- Flag Coat of arms
- Location of Ilo in the Moquegua Region
- Country: Peru
- Region: Moquegua
- Founded: May 26, 1970
- Capital: Ilo

Government
- • Mayor: Gerardo Felipe Carpio Díaz (2019-2022)

Area
- • Total: 1,380.68 km^{2} (533.08 sq mi)
- Elevation: 15 m (49 ft)

Population
- • Total: 74 649
- • Density: 54.09/km^{2} (140.1/sq mi)
- UBIGEO: 1803

= Ilo province =

Ilo is one of three provinces that make up the Moquegua Region in Peru. The province is the largest mining center in all of southern Peru.

== Geography ==

The province borders the province of Mariscal Nieto to the north, the province of Jorge Basadre to the east and southeast, the Pacific Ocean to the south and west, and the province of Islay to the northwest.

It extends north–south through the region's coastal area, forming a bay.

== Demographics ==

=== Population ===

According to the 1993 Census, the province has a population of 51,481 inhabitants, 52.4% of whom (26,964) are male and 47.6% (24,517) are female.

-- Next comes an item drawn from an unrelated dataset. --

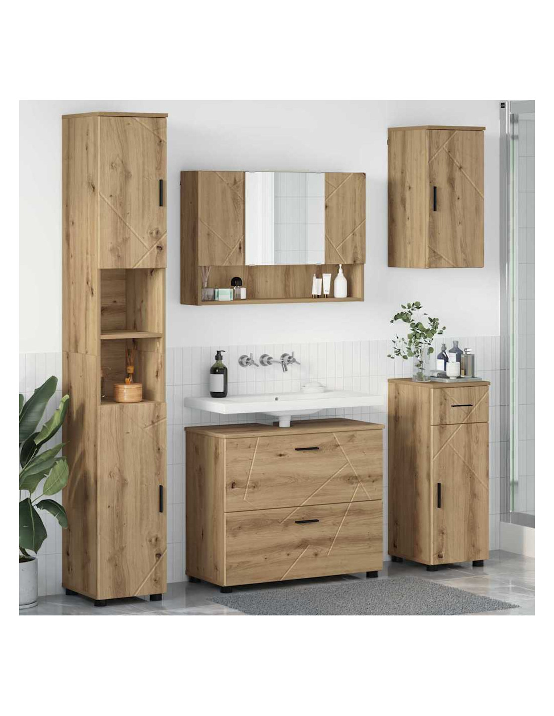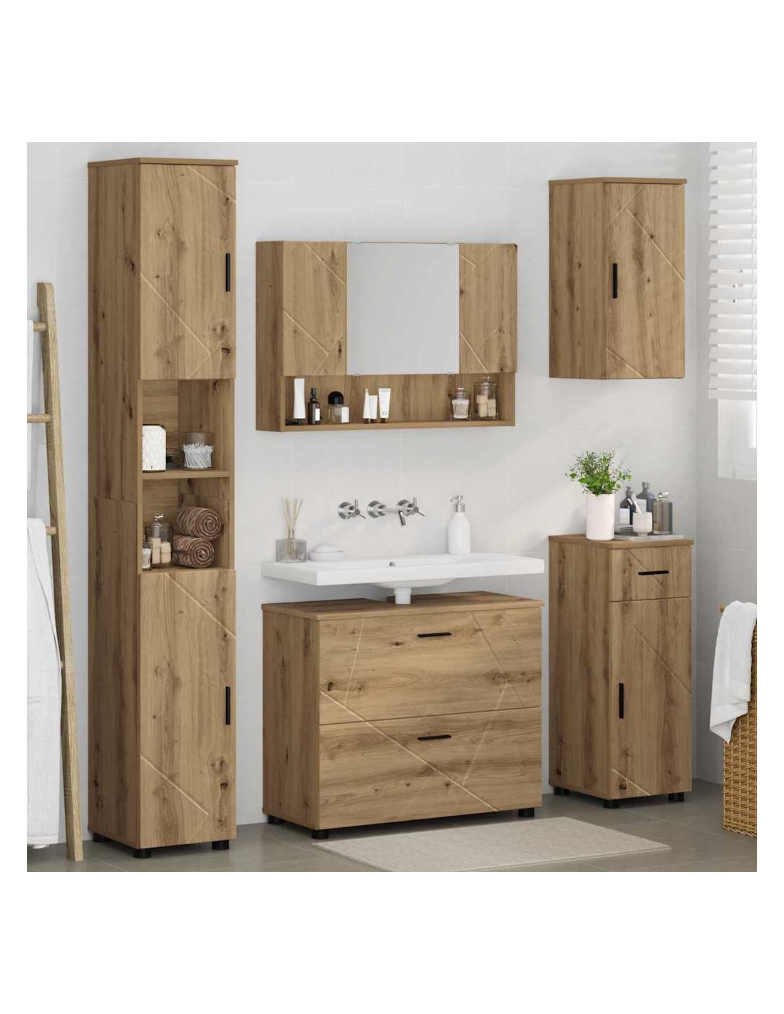 Questo set di mobili da bagno in legno ingegnerizzato è un modo semplice e chic per dare una rinfrescata al tuo bagno. Ha uno stile minimalista e pratico, perfetto per chi ama spazi puliti e senza ingombri. Include armadi e specchi in legno, creando un ambiente funzionale dove bellezza e utilità si incontrano. Immagina un bagno elegante e organizzato, con tanto spazio per tutto senza perdere lo stile.

As of 2005, the Instituto Nacional de Estadística e Informática estimates the province's population to be 68,363.

=== Languages ===

Spanish is spoken at home by 82% of the population; while others speak Aymara (10.6%), Quechua (6.1%), other indigenous languages (0.1%) and foreign languages (0.3%).

=== Immigration ===

Persons originating from other regions of the country make up 51.6% of the population and 0.3% of residents were born abroad.

The largest immigrant groups come from the Puno Region (17.4% of the total population) and the Arequipa Region (15.3%).

=== Age ===

The age distribution is
- 42.4% under the age of 20,
- 10.9% from 20 to 24,
- 31.2% from 25 to 44,
- 12.9% from 45 to 64, and
- 2.6% who are 65 years of age or older.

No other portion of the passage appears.